Input Start Marker

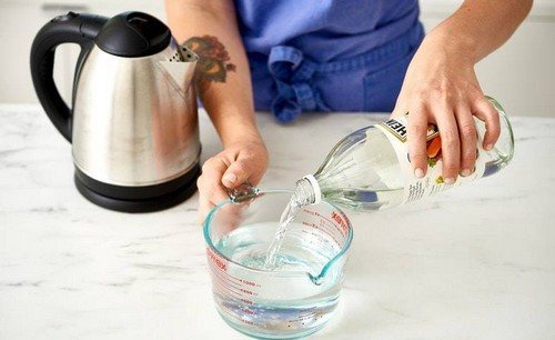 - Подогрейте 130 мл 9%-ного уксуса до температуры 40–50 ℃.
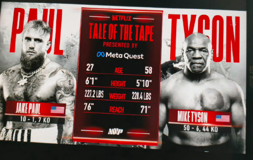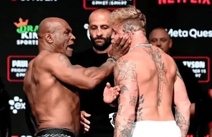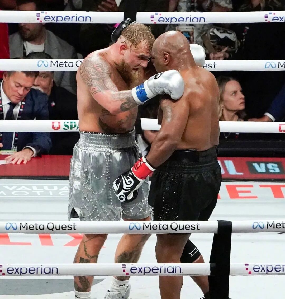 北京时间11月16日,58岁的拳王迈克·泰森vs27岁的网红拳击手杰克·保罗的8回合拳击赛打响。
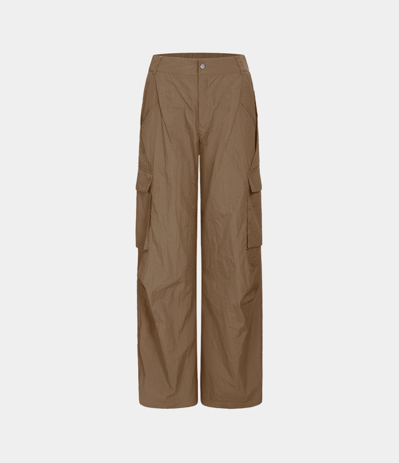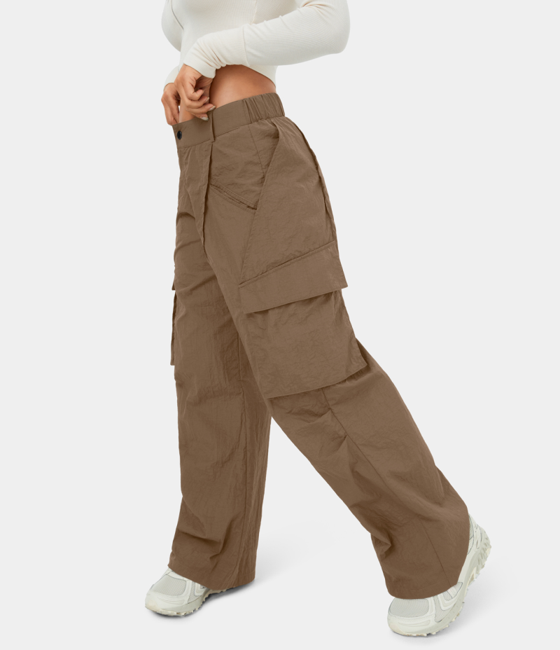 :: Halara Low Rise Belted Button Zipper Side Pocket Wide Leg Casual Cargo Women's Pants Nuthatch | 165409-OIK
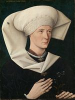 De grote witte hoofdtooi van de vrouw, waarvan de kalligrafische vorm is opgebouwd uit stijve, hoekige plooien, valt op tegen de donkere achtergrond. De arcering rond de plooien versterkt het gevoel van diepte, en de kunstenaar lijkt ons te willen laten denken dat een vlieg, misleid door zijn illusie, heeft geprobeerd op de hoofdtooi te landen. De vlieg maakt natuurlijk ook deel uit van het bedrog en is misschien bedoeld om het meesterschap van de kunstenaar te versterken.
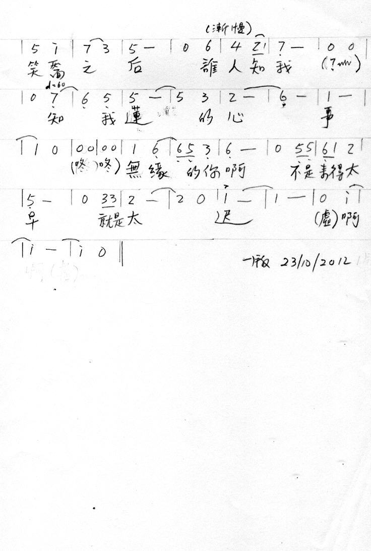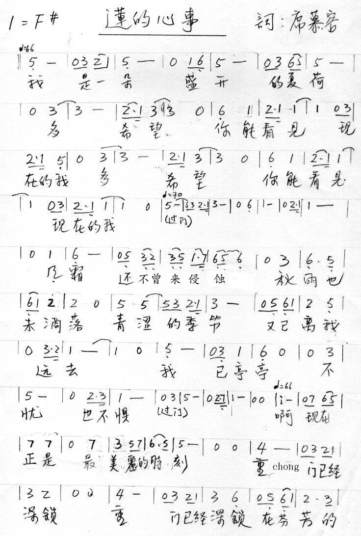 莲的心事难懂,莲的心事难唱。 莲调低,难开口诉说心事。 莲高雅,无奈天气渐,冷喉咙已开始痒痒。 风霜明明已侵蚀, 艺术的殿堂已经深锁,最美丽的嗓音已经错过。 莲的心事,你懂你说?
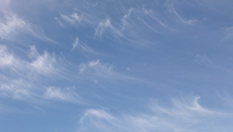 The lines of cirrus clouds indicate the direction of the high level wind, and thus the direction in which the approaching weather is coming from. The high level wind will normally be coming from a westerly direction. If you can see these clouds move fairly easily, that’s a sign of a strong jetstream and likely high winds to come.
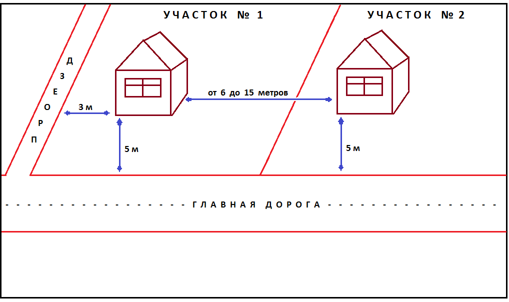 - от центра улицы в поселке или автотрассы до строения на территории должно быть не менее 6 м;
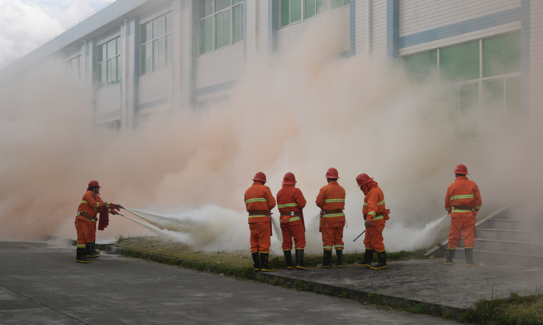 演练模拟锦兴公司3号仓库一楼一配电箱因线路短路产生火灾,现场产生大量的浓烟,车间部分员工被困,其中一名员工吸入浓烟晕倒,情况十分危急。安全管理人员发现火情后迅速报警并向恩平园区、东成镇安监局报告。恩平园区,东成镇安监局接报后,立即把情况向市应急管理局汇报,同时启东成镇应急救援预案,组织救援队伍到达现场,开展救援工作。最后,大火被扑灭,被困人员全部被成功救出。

Input End Marker
Input Start Marker

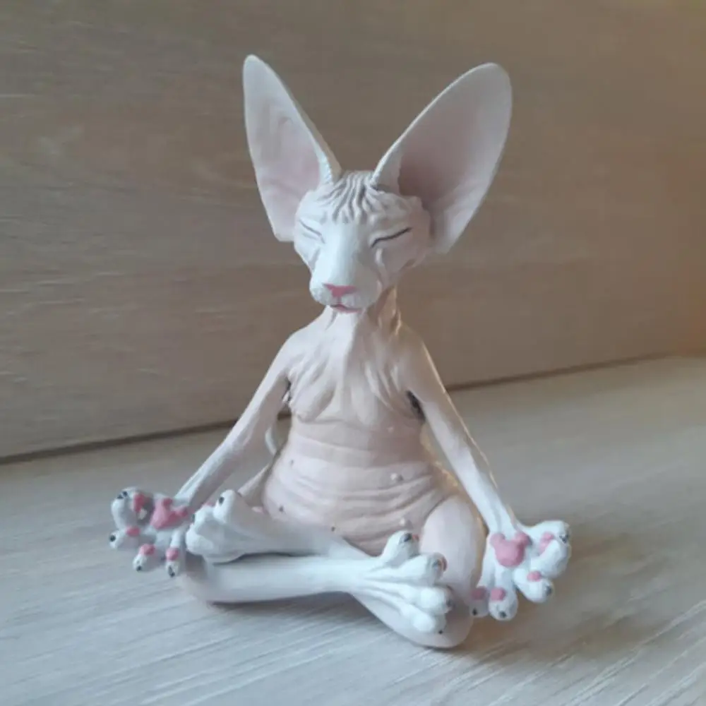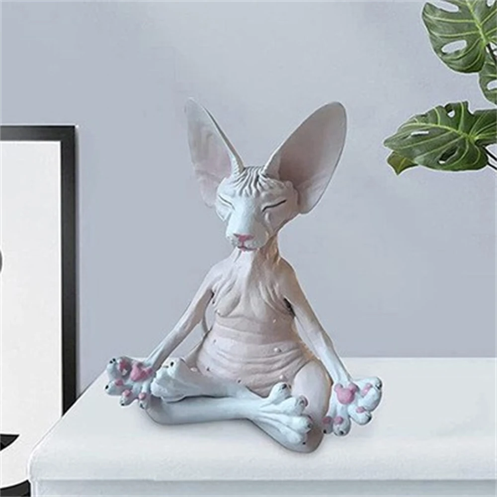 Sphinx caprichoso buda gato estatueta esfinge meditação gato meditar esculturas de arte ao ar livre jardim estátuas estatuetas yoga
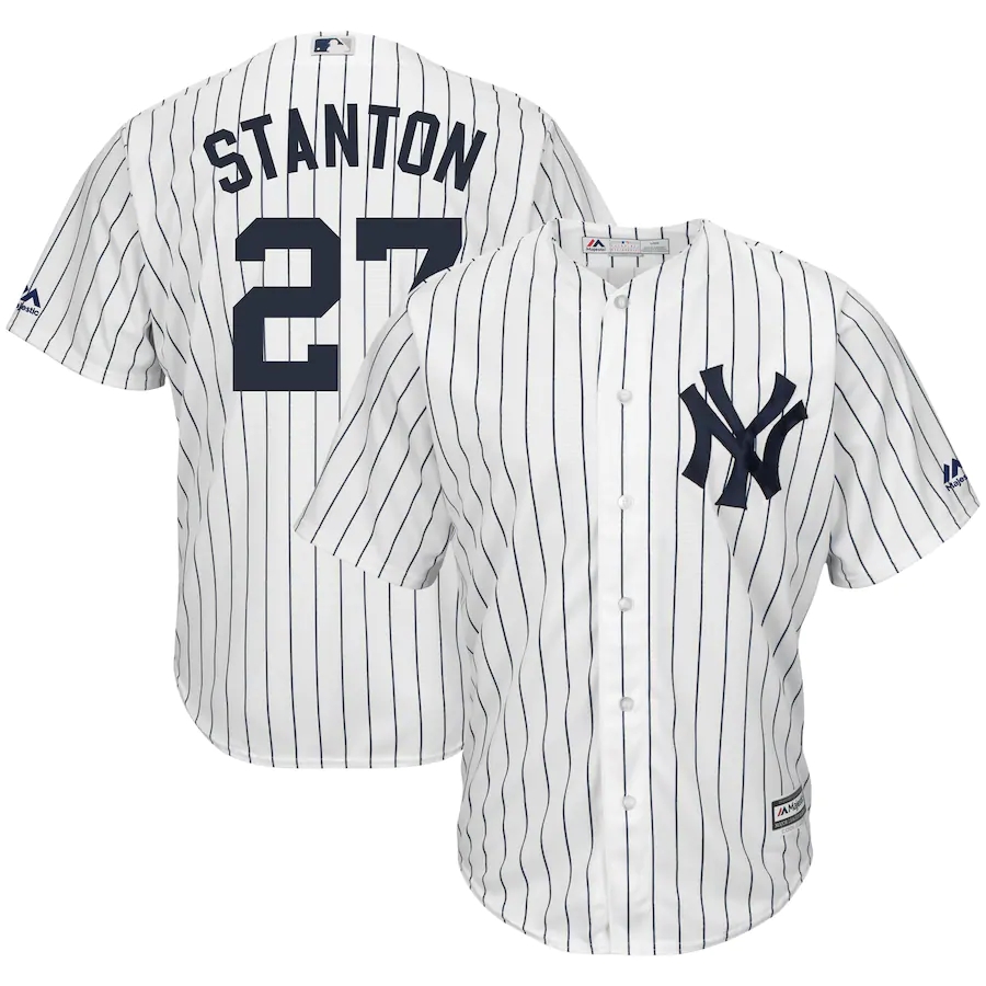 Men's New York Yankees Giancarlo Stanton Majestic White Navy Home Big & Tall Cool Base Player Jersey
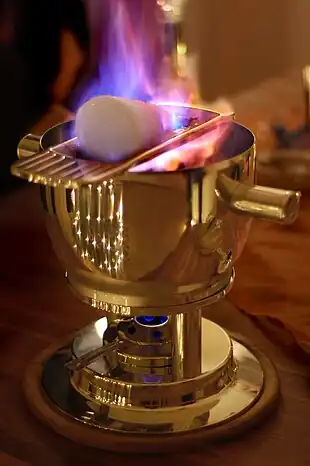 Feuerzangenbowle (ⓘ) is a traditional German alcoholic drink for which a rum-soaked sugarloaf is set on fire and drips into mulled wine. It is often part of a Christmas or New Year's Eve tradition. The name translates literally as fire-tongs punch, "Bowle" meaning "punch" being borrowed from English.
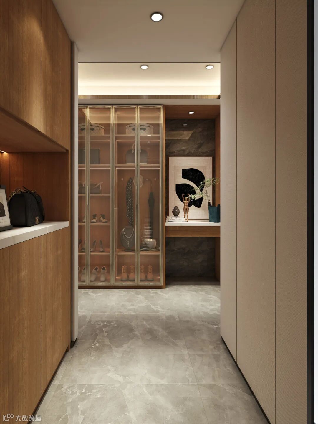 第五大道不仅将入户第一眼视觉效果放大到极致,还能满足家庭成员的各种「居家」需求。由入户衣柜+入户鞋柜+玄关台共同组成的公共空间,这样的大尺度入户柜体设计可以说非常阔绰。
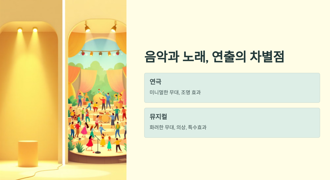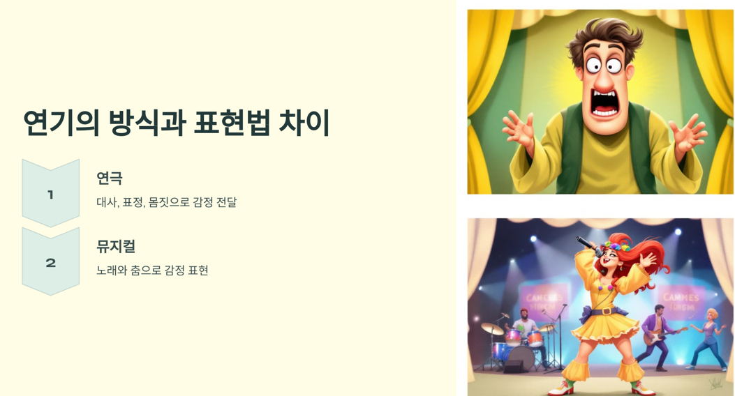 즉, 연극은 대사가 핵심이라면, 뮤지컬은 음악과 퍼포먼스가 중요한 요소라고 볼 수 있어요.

Input End Marker

● The task: For the material above, give again only the lines starting at the line that contains "- Подогрейте 130" and ending at the line that contains "Nuthatch | 165409-OIK". Pictures do not belong in the copy.

● Output for this exercise:
 - Подогрейте 130 мл 9%-ного уксуса до температуры 40–50 ℃.
 北京时间11月16日,58岁的拳王迈克·泰森vs27岁的网红拳击手杰克·保罗的8回合拳击赛打响。
 :: Halara Low Rise Belted Button Zipper Side Pocket Wide Leg Casual Cargo Women's Pants Nuthatch | 165409-OIK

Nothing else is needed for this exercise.